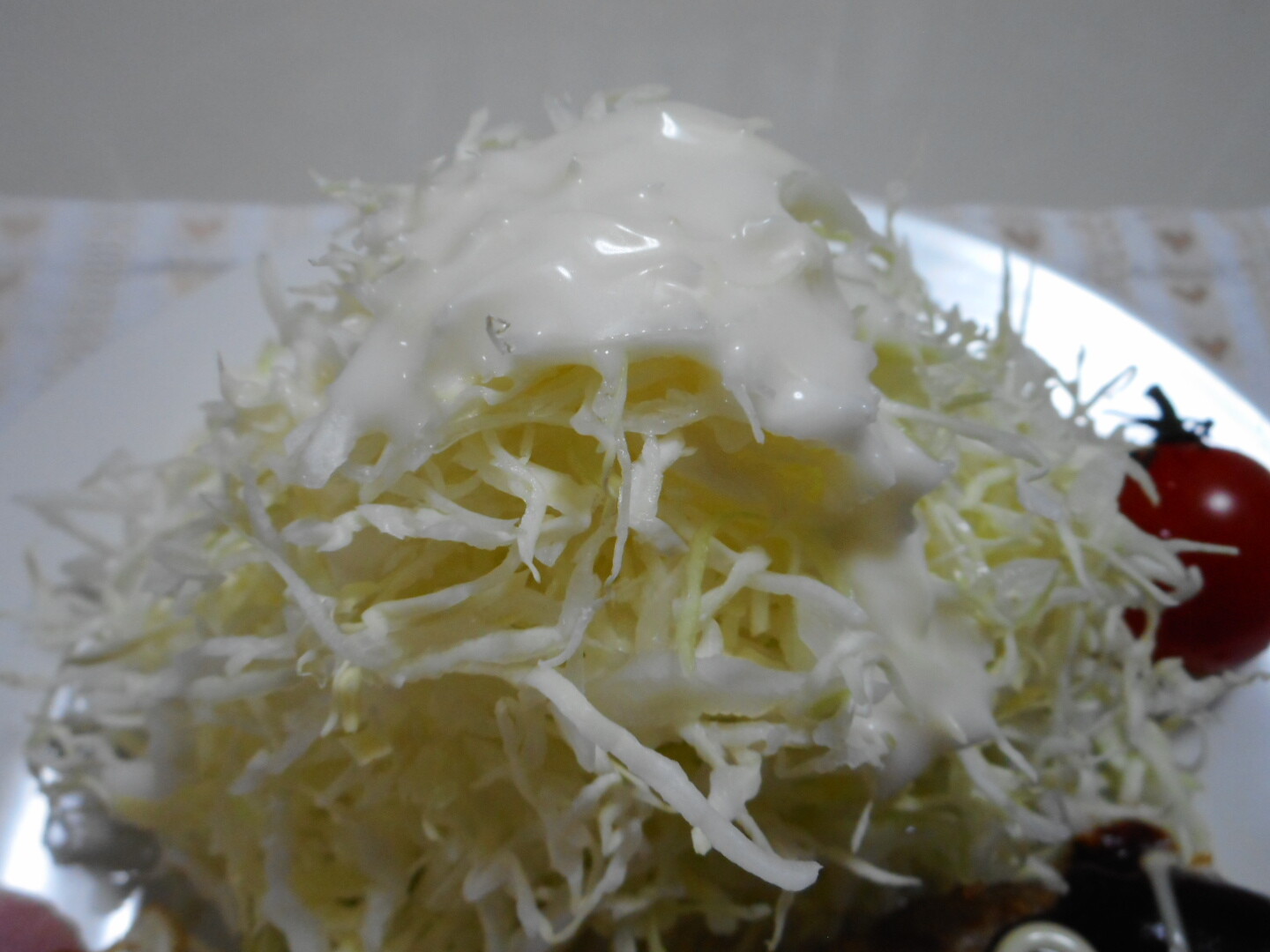 その代わりにタワーのように盛りつけたキャベツの千切りがあるので、これでおなかが満腹になります。
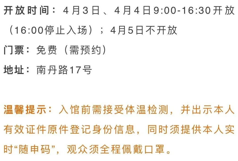 开放时间:4月3日-4月5日8:00-18:00开放
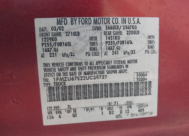 VIN 1FMZU67E22UC38732 may have been
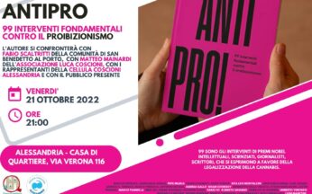 Si terrà Ad Alessandria la presentazione del libro Antipro – 99 interventi fondamentali contro il proibizionismo L’appuntamento è per venerdì 21 ottobre alle ore 21.00 presso la Casa di... Leggi tuttoA Firenze la presentazione di un volume sulle potenzialità mediche degli psichedelici
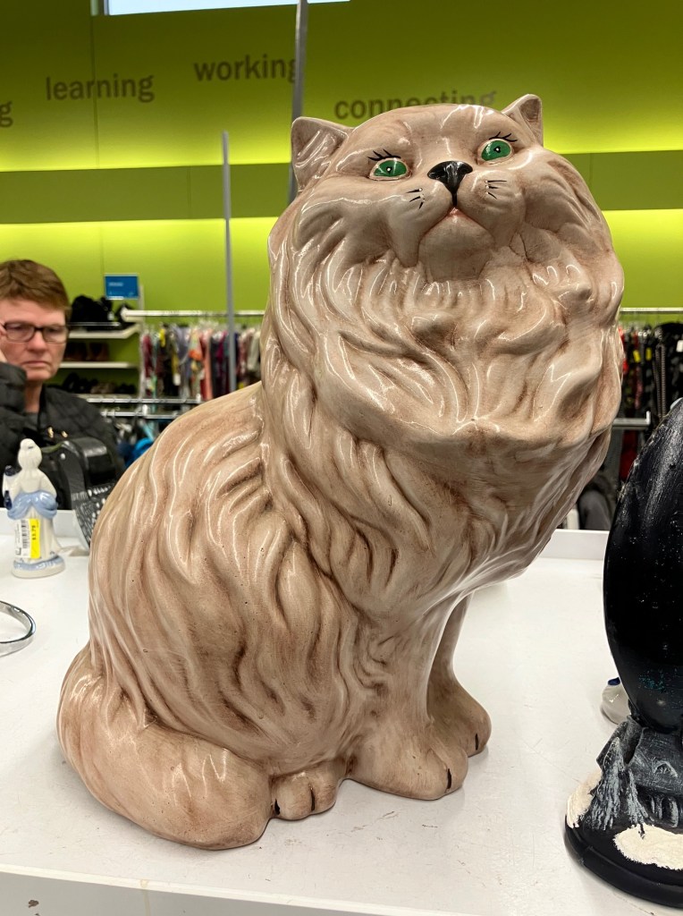 If you follow any thrifting pages, you may be familiar with these Persian cats. Like my mushroom canisters, they were part of the paint your own ceramics craze of the 70s and 80s. There are several sizes and styles. You most often see them in white, but I’ve seen them done in a Blue Mountain Pottery glaze. And on the internet, I’ve seen them in all colours and coats. I, of course, have been looking for a black one… for obvious reasons…
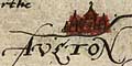 weathercock on a mast on a tower, Southampton is drawn bigger;
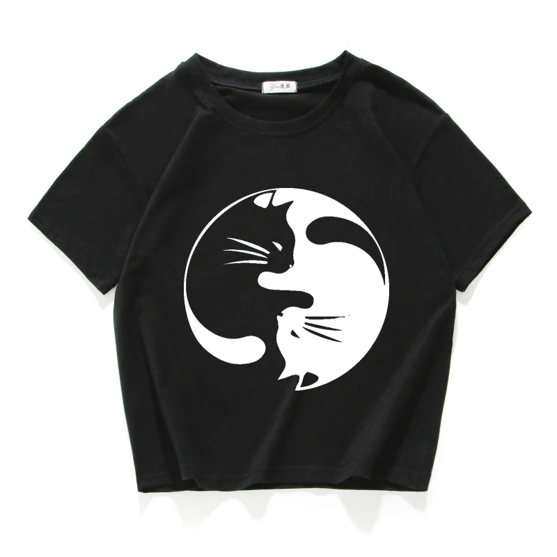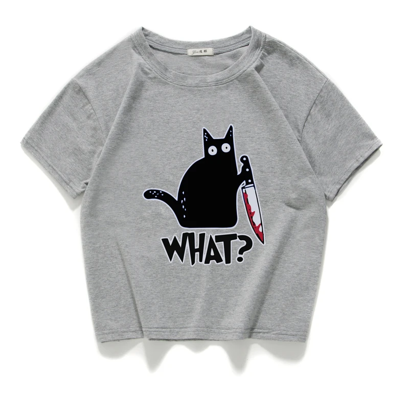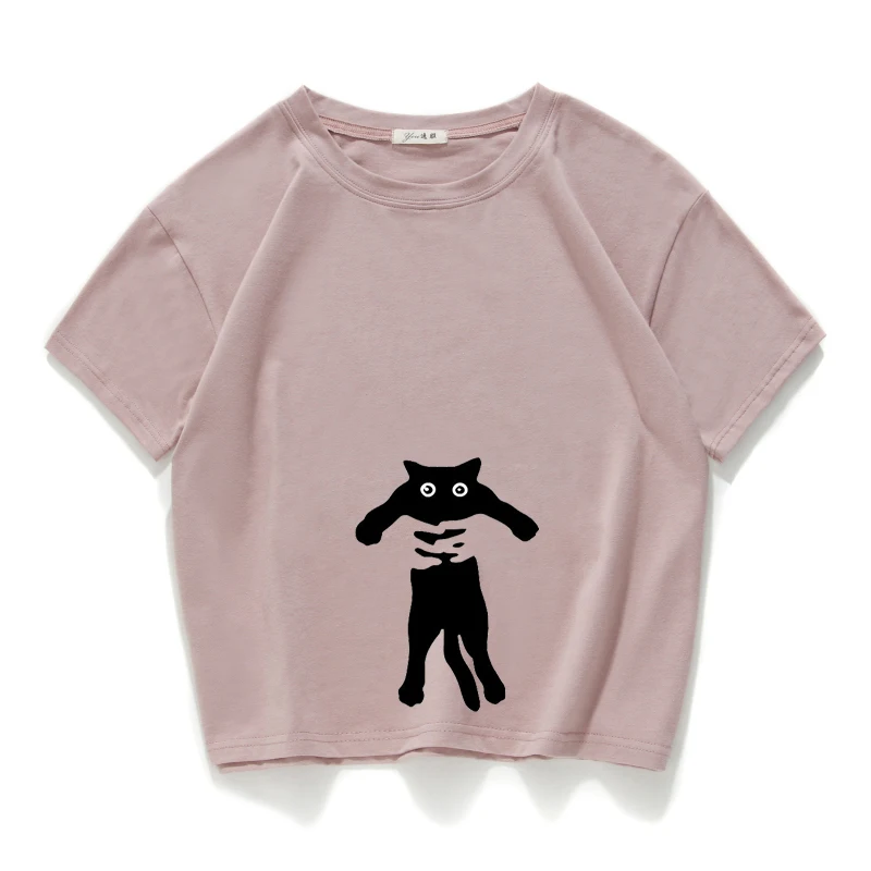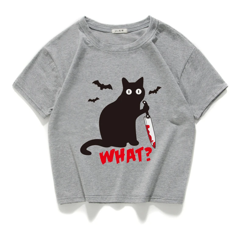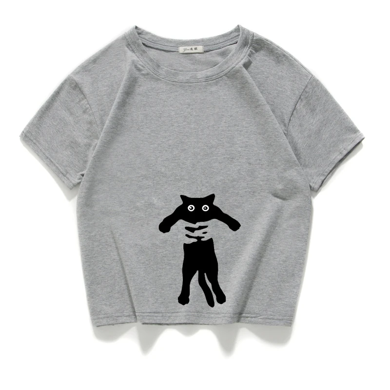 Кроп-топ с черной кошкой, забавная футболка с ножом-убийцей, женская футболка с карманом в виде кошки, топы, футболка, женская одежда, летние женские футболки
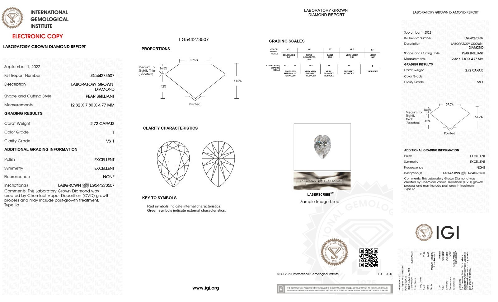 Terms Conditions:Kindly keep this in mind before making your purchase that we are selling our Lab grown diamonds on multiple platforms. The Diamond you receive will be exact color, clarity and cut. The only difference could be the IGI certificate which might differ from the listed stone. We highly appreciate your cooperation.LabIGIReport #-ShapePearCarat2.02ColorIClarityVS1Cut-PolishExcellentSymExcellentFluorNoneLocationNew York, United StatesDepth61.1%Table57%GirdleSlightly Thick (TN-STK)Crown0.0%, 0.0Pavillion0.0%, 0.0CuletNoneMeas11.18 x 7.15 x 4.37Ratio1.56BGMNoneGrowth TypeCVDPlease note that we are listing all of our stone's color clarity grade as per IGI Lab Report. IGI Lab is the 2nd most reputable trustworthy Lab after GIA. Every person can have a different opinion about the color clarity of the stone. So the stones you are getting can be one or two grades lower in color clarity grade as per GIA standards but as IGI standards those are as mentioned in the listing. I am not sure how practical it is to use $75000 (3 Carat E VS!) Natural Diamond stone standard for the same color clarity grade (3 Carat EVS1) Lab Grown Stone which you are getting for $750. My advice to you is whatever authenticity says please please get the stone if you do not like then I will accept the return without any question in the next 30 days of purchase. I don't want you to miss the great opportunity to buy those beautiful lab grown stones which are 100% the same chemical other properties wise as natural Diamonds at 1% of price compared to Natural Diamond.
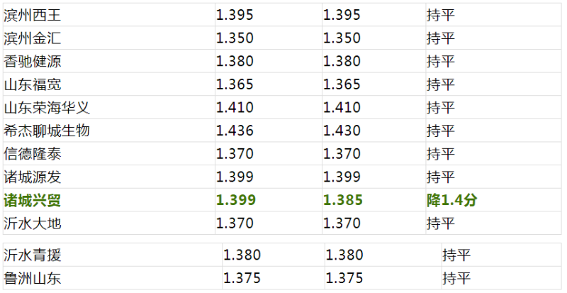 山东菏泽华瑞:落0.5分,普麦1.558元。
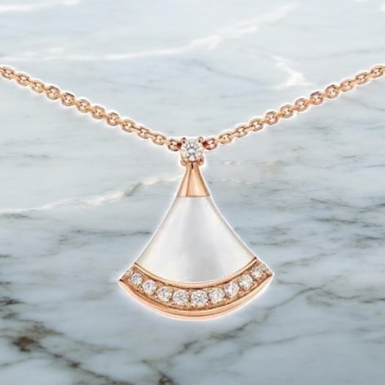 ブルガリ ディーヴァドリーム ネックレスは扇形のモチーフが特徴的なエレガントなジュエリーです。ブルガリの人気コレクションとして知られており、ブランドジュエリーとしての魅力を感じられるシリーズです。
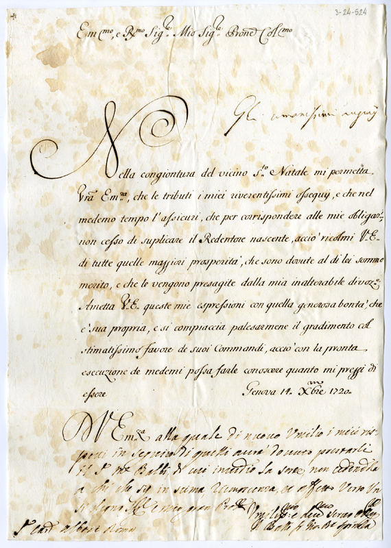 Lettera di Giovanni Battista Spinola al cardinale Annibale Albani (1720 dicembre 14)
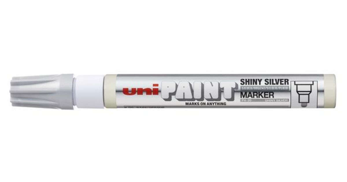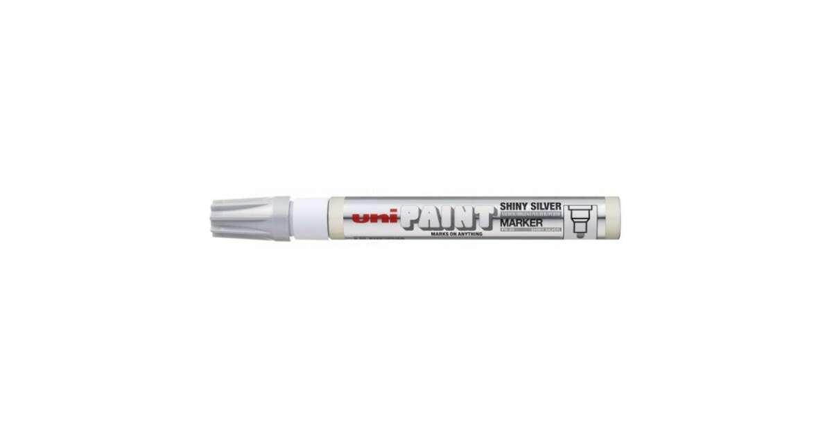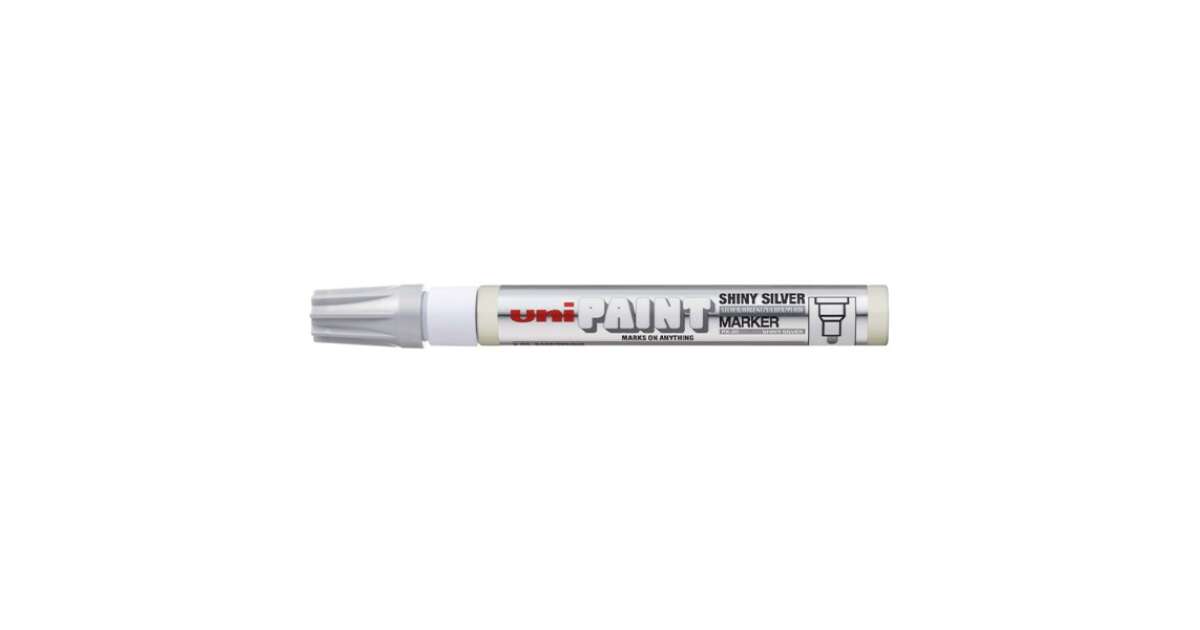 Ovaj UNI PAINT lak marker je savršen izbor ako želiš napraviti trajan, sjajno srebrni znak na gotovo bilo kojoj površini. Visokokvalitetna, uljna tinta je otporna na vodu, toplinu i UV zrake, tako da će tvoji znakovi dugo zadržati svoju ljepotu.
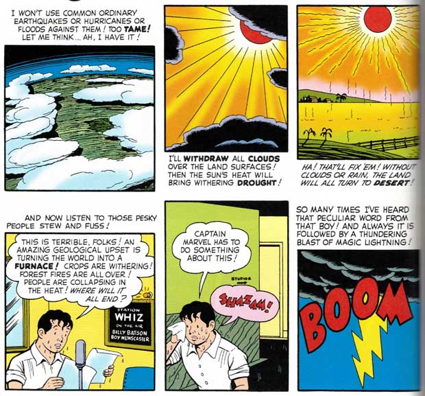 Captain Marvel kommt noch nicht auf die Idee, dass die Ursache beim Menschen liegt. Erdöl ist in den 50ern noch unverdächtig und Symbol des wachsenden Wohlstands. Doch auch er sieht, dass er diesen scheinbaren Gegner nicht wie einen Schurken behandeln und einfach kaputtprügeln kann. Also versucht er sich darin, das Wetter zu beeinflussen. Er holt einen Asteroiden aus dem All und erschafft aus dem Eis Wolken. Die Hitzewelle ist vorüber. Die Erde rächt sich, indem sie Eisberge gegeneinander knallen lässt, dadurch entstehen Vibrationen, die Häuser zum Einsturz bringen. Captain Marvel steckt ein Kissen zwischen die Eisberge – Problem gelöst. Dann fährt die Erde das schwerste Geschütz auf: Sie löst Südamerika aus ihren Angeln und versucht, den Kontinent gegen Nordamerika prallen zu lassen. Unser Held kann auch das mit Muskelkraft verhindern.
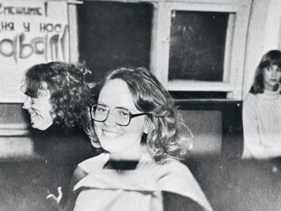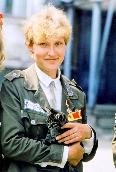 Лена Ганц с годовым запасом бескозырок.
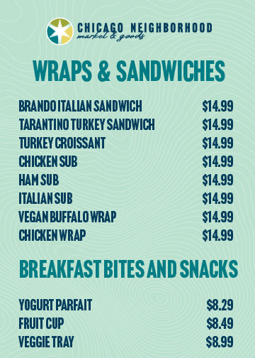 Located in Chicago's O'hare International Airport Terminal 5, Chicago Neighborhood Market & Goods sources fresh and tasty sandwiches, wraps, salads, and quick bites, from local Chicago vendors. Our mission is to buy local, because we love local, and to give back to the communities we serve.
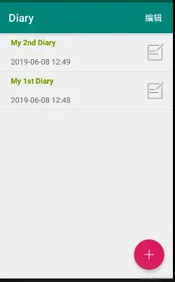 - 点击列表项中的编辑图片按钮,界面跳转到日记新增编辑界面(DiaryInfoActivity)。(5分)
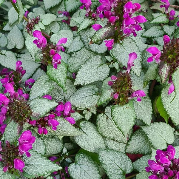 Lamium 'Beacon Silver' je nádherný kultivar hluchavky škvrnitej kompaktného rastu, listu sú striebristé, so zeleným okrajom. Za chladného počasia prechádza zelená farba v liste na fialovú vďaka čomu vzniká nádherná hra farieb. Kvety sú purpurové, priebežne sa objavujú na rastlinách po celý rok. Používa sa k vytvoreniu pokryvu v ťažko ozeleniteľných miestach pod korunami stromov. Taktiež ju možno použiť ako náhradu trávniku v tienistých lokalitách. Na pôdu je nenáročná, hoci ideálne sú vlhšie pôdy, v záhradách výborne toleruje aj mierne sucho. Znesie stanovište s plným slnkom, avšak dostatočná zálievka je podmienkou prosperovania.
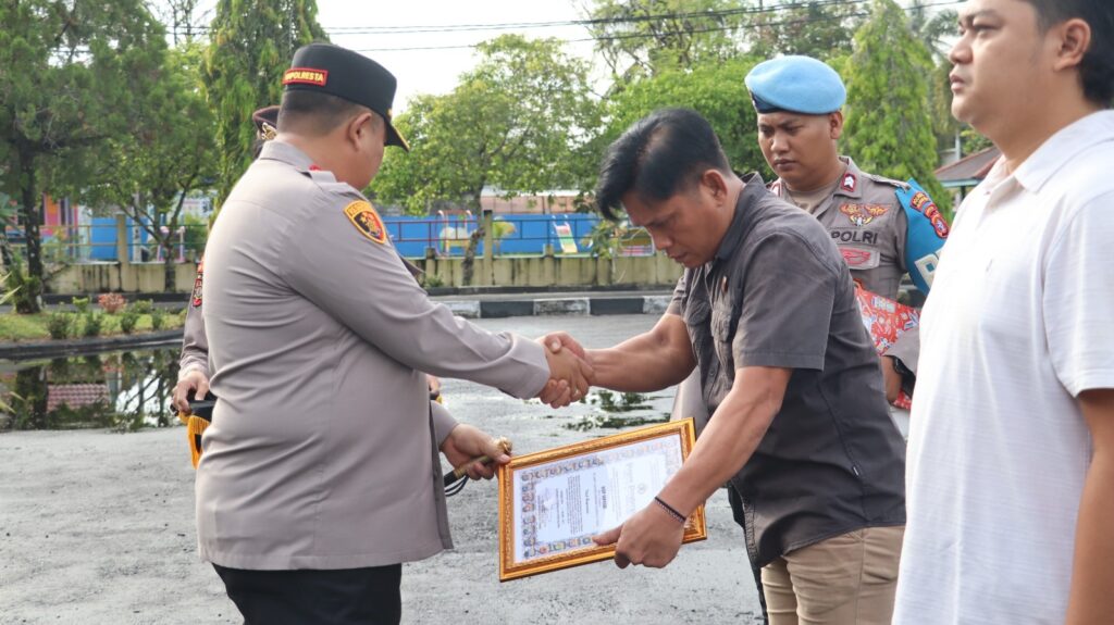 “Pemberian penghargaan ini merupakan bentuk apresiasi institusi kepada anggota yang berprestasi, sekaligus motivasi bagi seluruh personel untuk terus bekerja dengan semangat, profesional, dan penuh tanggung jawab,” tutur Kapolresta.

═══

### The task
Retype all of the listing word for word and skip the pictures.

### Answer to the problem
 その代わりにタワーのように盛りつけたキャベツの千切りがあるので、これでおなかが満腹になります。
 开放时间:4月3日-4月5日8:00-18:00开放
 VIN 1FMZU67E22UC38732 may have been
 Si terrà Ad Alessandria la presentazione del libro Antipro – 99 interventi fondamentali contro il proibizionismo L’appuntamento è per venerdì 21 ottobre alle ore 21.00 presso la Casa di... Leggi tuttoA Firenze la presentazione di un volume sulle potenzialità mediche degli psichedelici
 If you follow any thrifting pages, you may be familiar with these Persian cats. Like my mushroom canisters, they were part of the paint your own ceramics craze of the 70s and 80s. There are several sizes and styles. You most often see them in white, but I’ve seen them done in a Blue Mountain Pottery glaze. And on the internet, I’ve seen them in all colours and coats. I, of course, have been looking for a black one… for obvious reasons…
 weathercock on a mast on a tower, Southampton is drawn bigger;
 Кроп-топ с черной кошкой, забавная футболка с ножом-убийцей, женская футболка с карманом в виде кошки, топы, футболка, женская одежда, летние женские футболки
 Terms Conditions:Kindly keep this in mind before making your purchase that we are selling our Lab grown diamonds on multiple platforms. The Diamond you receive will be exact color, clarity and cut. The only difference could be the IGI certificate which might differ from the listed stone. We highly appreciate your cooperation.LabIGIReport #-ShapePearCarat2.02ColorIClarityVS1Cut-PolishExcellentSymExcellentFluorNoneLocationNew York, United StatesDepth61.1%Table57%GirdleSlightly Thick (TN-STK)Crown0.0%, 0.0Pavillion0.0%, 0.0CuletNoneMeas11.18 x 7.15 x 4.37Ratio1.56BGMNoneGrowth TypeCVDPlease note that we are listing all of our stone's color clarity grade as per IGI Lab Report. IGI Lab is the 2nd most reputable trustworthy Lab after GIA. Every person can have a different opinion about the color clarity of the stone. So the stones you are getting can be one or two grades lower in color clarity grade as per GIA standards but as IGI standards those are as mentioned in the listing. I am not sure how practical it is to use $75000 (3 Carat E VS!) Natural Diamond stone standard for the same color clarity grade (3 Carat EVS1) Lab Grown Stone which you are getting for $750. My advice to you is whatever authenticity says please please get the stone if you do not like then I will accept the return without any question in the next 30 days of purchase. I don't want you to miss the great opportunity to buy those beautiful lab grown stones which are 100% the same chemical other properties wise as natural Diamonds at 1% of price compared to Natural Diamond.
 山东菏泽华瑞:落0.5分,普麦1.558元。
 ブルガリ ディーヴァドリーム ネックレスは扇形のモチーフが特徴的なエレガントなジュエリーです。ブルガリの人気コレクションとして知られており、ブランドジュエリーとしての魅力を感じられるシリーズです。
 Lettera di Giovanni Battista Spinola al cardinale Annibale Albani (1720 dicembre 14)
 Ovaj UNI PAINT lak marker je savršen izbor ako želiš napraviti trajan, sjajno srebrni znak na gotovo bilo kojoj površini. Visokokvalitetna, uljna tinta je otporna na vodu, toplinu i UV zrake, tako da će tvoji znakovi dugo zadržati svoju ljepotu.
 Captain Marvel kommt noch nicht auf die Idee, dass die Ursache beim Menschen liegt. Erdöl ist in den 50ern noch unverdächtig und Symbol des wachsenden Wohlstands. Doch auch er sieht, dass er diesen scheinbaren Gegner nicht wie einen Schurken behandeln und einfach kaputtprügeln kann. Also versucht er sich darin, das Wetter zu beeinflussen. Er holt einen Asteroiden aus dem All und erschafft aus dem Eis Wolken. Die Hitzewelle ist vorüber. Die Erde rächt sich, indem sie Eisberge gegeneinander knallen lässt, dadurch entstehen Vibrationen, die Häuser zum Einsturz bringen. Captain Marvel steckt ein Kissen zwischen die Eisberge – Problem gelöst. Dann fährt die Erde das schwerste Geschütz auf: Sie löst Südamerika aus ihren Angeln und versucht, den Kontinent gegen Nordamerika prallen zu lassen. Unser Held kann auch das mit Muskelkraft verhindern.
 Лена Ганц с годовым запасом бескозырок.
 Located in Chicago's O'hare International Airport Terminal 5, Chicago Neighborhood Market & Goods sources fresh and tasty sandwiches, wraps, salads, and quick bites, from local Chicago vendors. Our mission is to buy local, because we love local, and to give back to the communities we serve.
 - 点击列表项中的编辑图片按钮,界面跳转到日记新增编辑界面(DiaryInfoActivity)。(5分)
 Lamium 'Beacon Silver' je nádherný kultivar hluchavky škvrnitej kompaktného rastu, listu sú striebristé, so zeleným okrajom. Za chladného počasia prechádza zelená farba v liste na fialovú vďaka čomu vzniká nádherná hra farieb. Kvety sú purpurové, priebežne sa objavujú na rastlinách po celý rok. Používa sa k vytvoreniu pokryvu v ťažko ozeleniteľných miestach pod korunami stromov. Taktiež ju možno použiť ako náhradu trávniku v tienistých lokalitách. Na pôdu je nenáročná, hoci ideálne sú vlhšie pôdy, v záhradách výborne toleruje aj mierne sucho. Znesie stanovište s plným slnkom, avšak dostatočná zálievka je podmienkou prosperovania.
 “Pemberian penghargaan ini merupakan bentuk apresiasi institusi kepada anggota yang berprestasi, sekaligus motivasi bagi seluruh personel untuk terus bekerja dengan semangat, profesional, dan penuh tanggung jawab,” tutur Kapolresta.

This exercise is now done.